HuoXue QianYang QuTan Recipe attenuates left ventricular hypertrophy in obese hypertensive rats by improving mitochondrial function through SIRT1/PGC-1α deacetylation pathway

Abstract

Mitochondrial dysfunction plays a vital role in the progression of left ventricular hypertrophy (LVH). Previous studies have confirmed that the disorder of SIRT1/PGC-1α deacetylation pathway aggravated mitochondrial dysfunction. HuoXue QianYang QuTan Recipe (HQQR) is a commonly used prescription that has shown therapeutic effects on obesity hypertension and its complications. However, the potential mechanisms are still unclear. In the present study, obesity hypertension (OBH) was established in rats and we investigated the efficacy and mechanisms of HQQR on LVH. Rats were divided into the five groups: (1) WKY-ND group, (2) SHR-ND group, (3) OBH-HF group, (4) OBH-HF/V group and (5) OBH-HF/H group. We evaluated body weight, Lee index and blood pressure (BP) before and every 2 weeks after treatment. After 10 weeks of treatment, we mainly detected glycolipid metabolic index, the severity of LVH, mitochondrial function along with SIRT1/PGC-1α deacetylation pathway. Our results showed that HQQR significantly lowered body weight, Lee index, BP and improved the disorder of glycolipid metabolism in OBH rats. Importantly, we uncovered HQQR could alleviate mitochondrial dysfunction in OBH rats by regulating SIRT1/PGC-1α deacetylation pathway. These changes could be associated with the inhibition of LVH.

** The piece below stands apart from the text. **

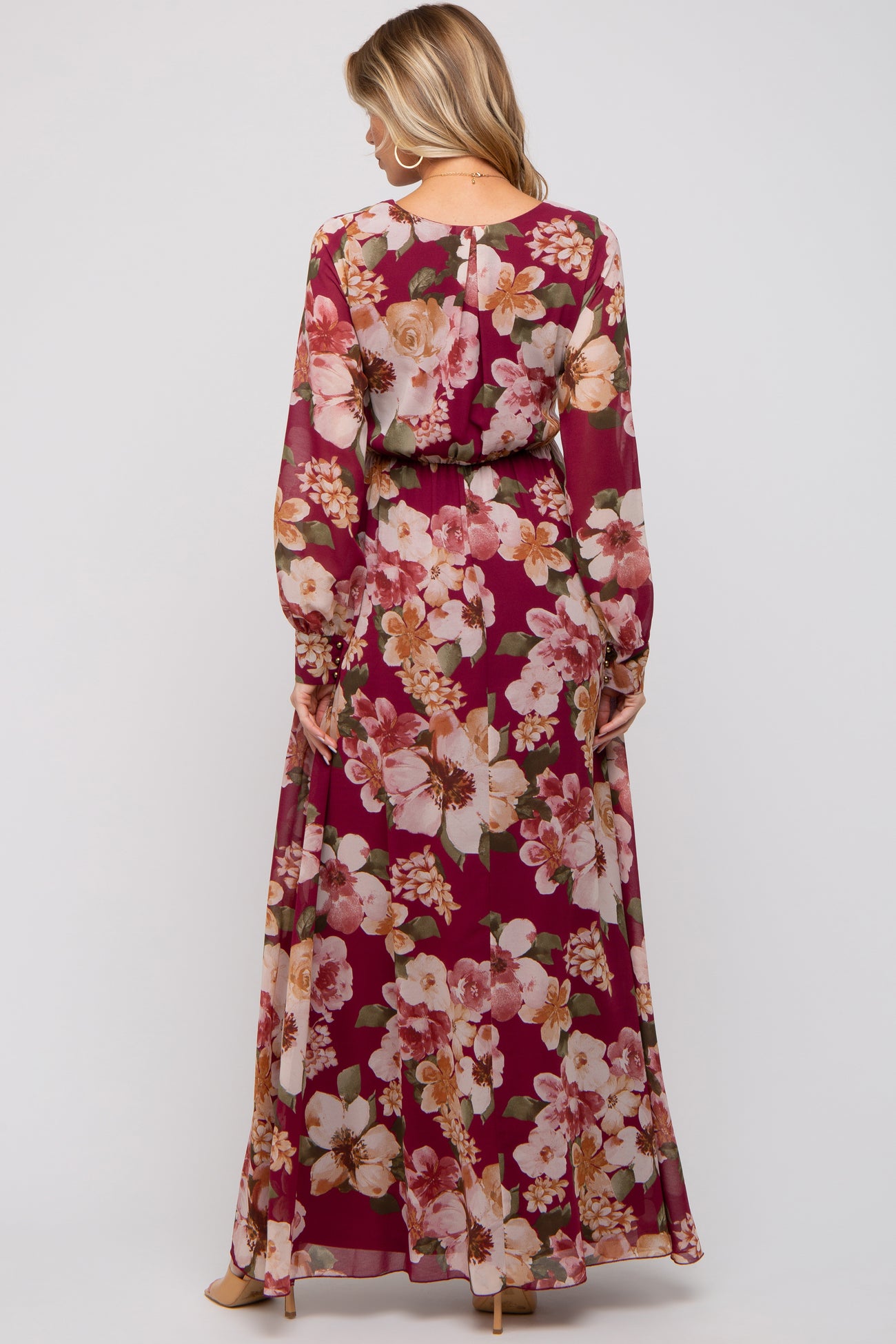Details A floral chiffon maternity maxi dress featuring a wrap front v-neckline, long sleeves with three buttons, an empire waist with an adjustable tie and double lining. Content + Care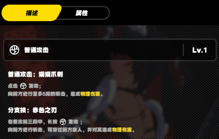 分支技能红刃可以在普攻前三阶段向前斩击,穿过敌人并造成物理伤害;

Keywords: HuoXue QianYang QuTan Recipe; Left ventricular hypertrophy; Mitochondrial function; Obesity hypertension; SIRT1/PGC-1α deacetylation.

Figure 1. HQQR lowered body weight, Lee index, BP and improved glycolipid metabolism disorder in OBH rats

(A–D) Body weight, Lee index and BP were measured before and every 2 weeks after treatment (n = 10–12 per group). (E) The level of lipid metabolism was assayed by automatic biochemical analyzer (n = 6 per group). (F) The level of glucose metabolism was assayed by automatic biochemical analyzer and ELISA (n = 6 per group). Data are mean ± SD. *P < 0.05, **P < 0.01 compared with WKY-ND; ^#P < 0.05, ^##P < 0.01 compared with SHR-ND; ⁺P < 0.05, ⁺⁺P < 0.01 compared with OBH-HF; ^∧P < 0.05, ^∧∧P < 0.01 compared with OBH-HF/H.

Figure 2. HQQR alleviated LVH in OBH rats

(A) LVMI was calculated by left ventricle mass (mg)/body weight (g) (n = 6 per group). (B) Representative photomicrographs of HE staining; 400× magnification. (C) Representative photomicrographs of WGA staining; 400× magnification. (D) Quantification of cardiomyocyte cross-sectional area. (E) Real-time PCR analysis for the mRNA expression of ANP and β-MHC were performed. Relative fold change of ANP and β-MHC was presented in the graph (n = 6 per group). Data are mean ± SD. *P < 0.05, **P < 0.01 compared with WKY-ND; ^#P < 0.05, ^##P < 0.01 compared with SHR-ND; ⁺P < 0.05, ⁺⁺P < 0.01 compared with OBH-HF.

Figure 3. HQQR improved the morphology of mitochondria and inhibited oxidative stress damage

(A) Representative photomicrographs of transmission electron microscope; 8200× magnification. (B) The level of the Mn-SOD activity was assayed in each group (n = 4 per group). (C) The protein expression of COX1 and ATPase6 was determined by immunoblotting. (D) Western blot quantification of COX1 and ATPase6 levels (n = 4 per group). Data are mean ± SD. *P < 0.05, **P < 0.01 compared with WKY-ND; ⁺P < 0.05, ⁺⁺P < 0.01 compared with OBH-HF.

Figure 4. HQQR alleviated LVH and improved mitochondrial function by SIRT1/PGC-1α deacetylation pathway

(A) The ATP content was detected in each group (n = 4 per group). (B) The mtDNA copy number was assayed in each group (n = 4 per group). (C) The protein expression of SIRT1, PGC-1α, NRF1 and TFAM was determined by immunoblotting. (D) Western blot quantification of SIRT1, PGC-1α, NRF1 and TFAM levels (n = 4 per group). (E) Immunoprecipitation and Western blot analysis of PGC-1α acetylation in each group. (F) The ratio of acetylated PGC-1α to precipitated PGC-1α protein was calculated (n = 4 per group). Data are mean ± SD. *P < 0.05, **P < 0.01 compared with WKY-ND; ⁺P < 0.05, ⁺⁺P < 0.01 compared with OBH-HF.